The three of us remained silent for most of the drive. We were headed for the Mount Zion Baptist Church, probably the largest African-American church in the region and certainly in the city, where the pastor and deacons had been instrumental in trying to quell unrest during the past few weeks. Ironically, they’d also been instrumental in stirring up that same unrest with repeated public pronouncements that they suspected a cover-up.
Under the stoplight at 23rd and Jackson, the intersection was mobbed with people waving signs, marching, chanting, and shouting at cars. On the far corner a cluster of black males shouted angrily at passing vehicles. “You can’t kill us anymore! You can’t kill us anymore!” Several of the signs that people carried had large photographs of victims from the Z Club fire, mostly enlarged high school yearbook photos, grainy and sad in their blurriness. A hundred feet from the intersection a solitary police car was parked on the si
dewalk outside a Starbucks coffee shop, two burly officers looking on with what I could only term feigned disinterest.
When we caught the red light and stopped, our fire department vehicle quickly became the focus of a splinter group of sign carriers, all women, stepping into the street to get a gander at the fools in the SFD Suburban. If half an hour earlier I’d been asked whether five middle-aged women in ski parkas carrying signs on sticks could have frightened the living hell out of me, I would have scoffed at the suggestion. But that’s exactly what they were doing: approaching so that their signs rattled against the roof and the spittle from their shouting peppered my window, which they beckoned angrily for me to lower. They shouted at Captain Brown to lower his, too, and for a few moments I was afraid he was going to because he began fumbling with the controls, inexplicably failing at each attempt. Only after we vacated the intersection did he lower the window and then raise it, causing me to laugh nervously at the realization that he’d been toying with them. I wondered if he’d done it out of some warped sense of fun or as a defense mechanism to stall the women.

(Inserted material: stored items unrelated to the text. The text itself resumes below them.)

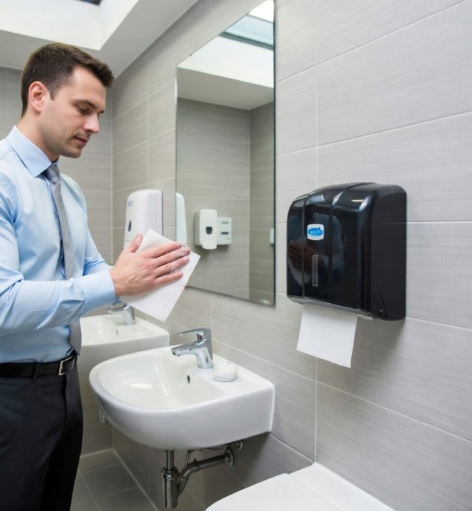 Dzięki zastosowaniu dozownika zwiększasz poziom higieny – użytkownicy dotykają tylko jednego listka ręcznika, co ogranicza rozprzestrzenianie bakterii.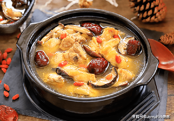 最后放入枸杞搅拌几下,再放入少许盐调味,这道红枣鸡汤就做好了。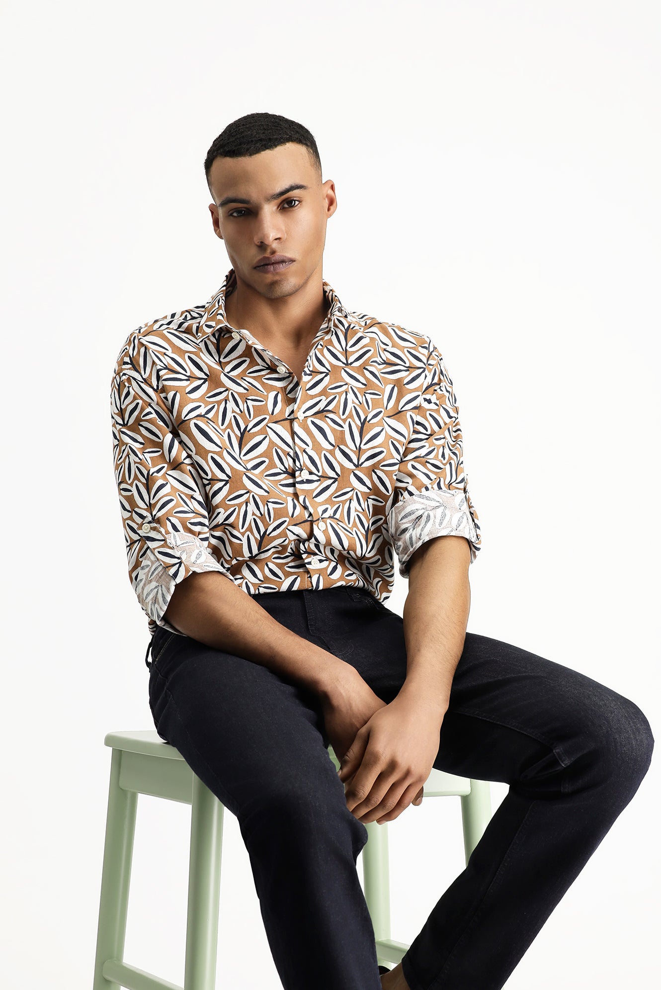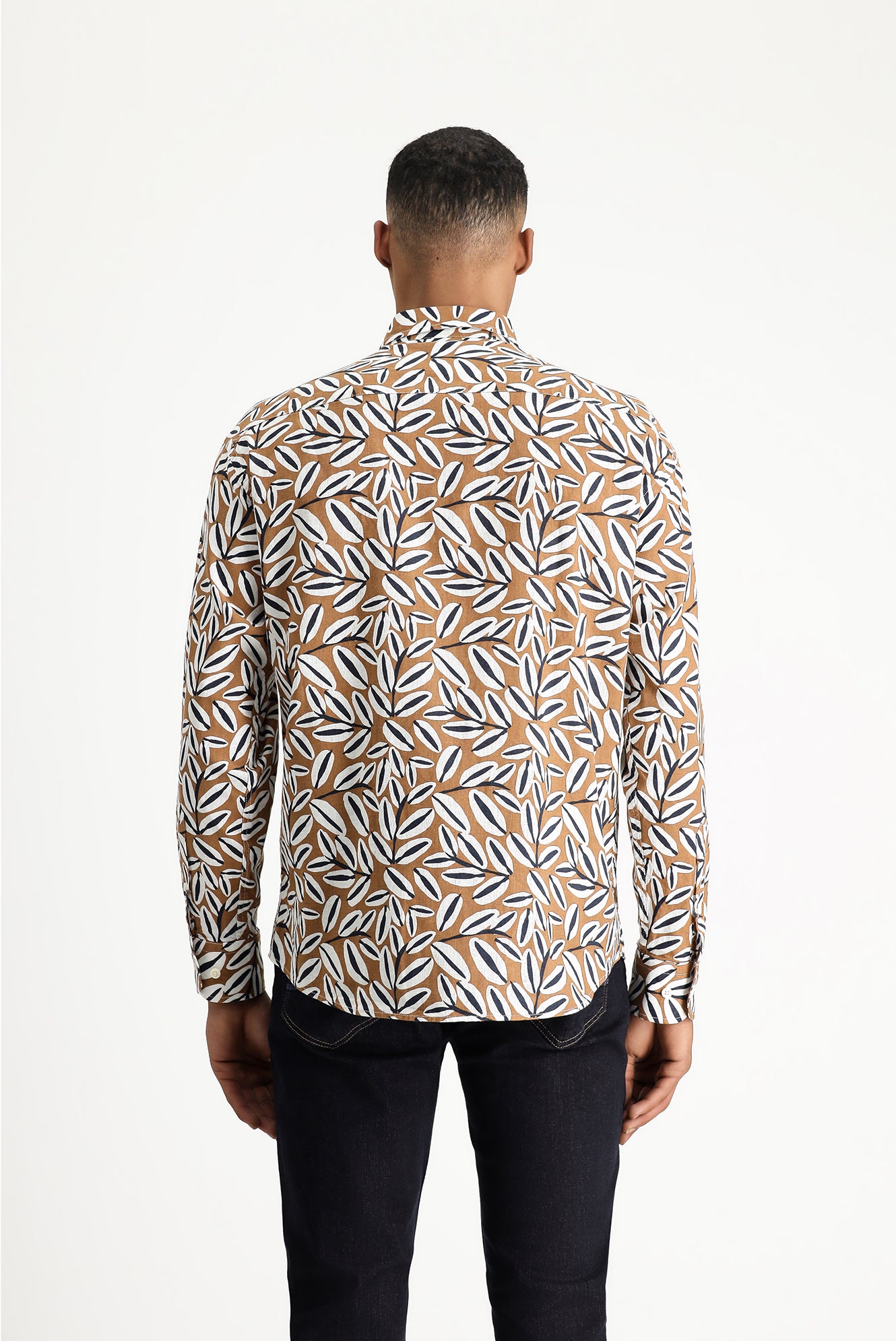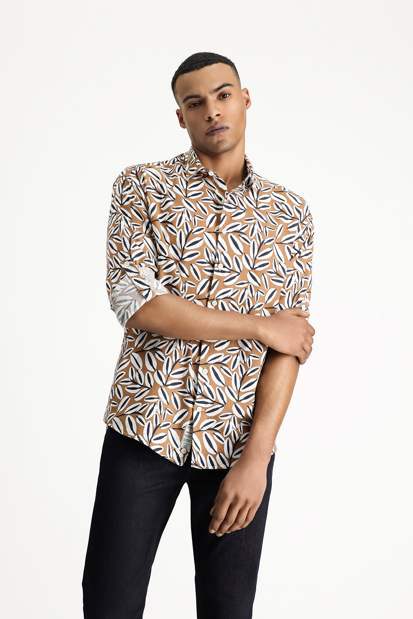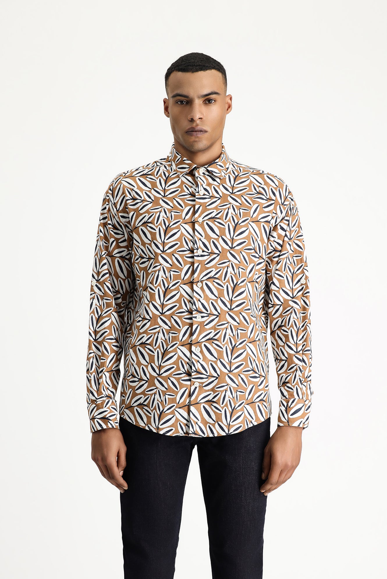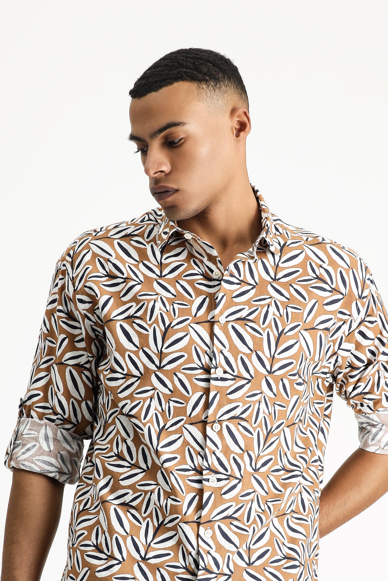 Açık Kahve Uzun Kol Oversize Baskılı Keten Karışımlı Pamuklu Gömlek

The chief and captain were both in uniform, but God only knew what the protesters thought I was doing in my pink blouse and navy blazer besides sweating.
I read as many signs as I could. “First the cops/now the firemen.” “JUSTice for the Z Club.” “What Really Happened?” And my two favorites, probably because of the misspellings: “Stop the Z Club liers.” “Give us the truth. Don’t let our children die in vane.”
As we passed Fire Station 6 three blocks later, we could see where the building had been pelted by stones, vegetables, and eggs, with two windows in the garage doors broken. Somebody had spray painted something on one of the building’s cream-colored outer walls, but it had been hastily painted over.
Frankly, if I’d known what a powder keg the situation was, I might not have agreed, but two weeks earlier I’d pledged my support to Miriam Beckmann, the founder of the Z Club Citizens for Truth. She convinced me that my training and my standing in the community made me uniquely qualified to head up a secondary probe, should the results of the first probe turn out to be unsatisfactory.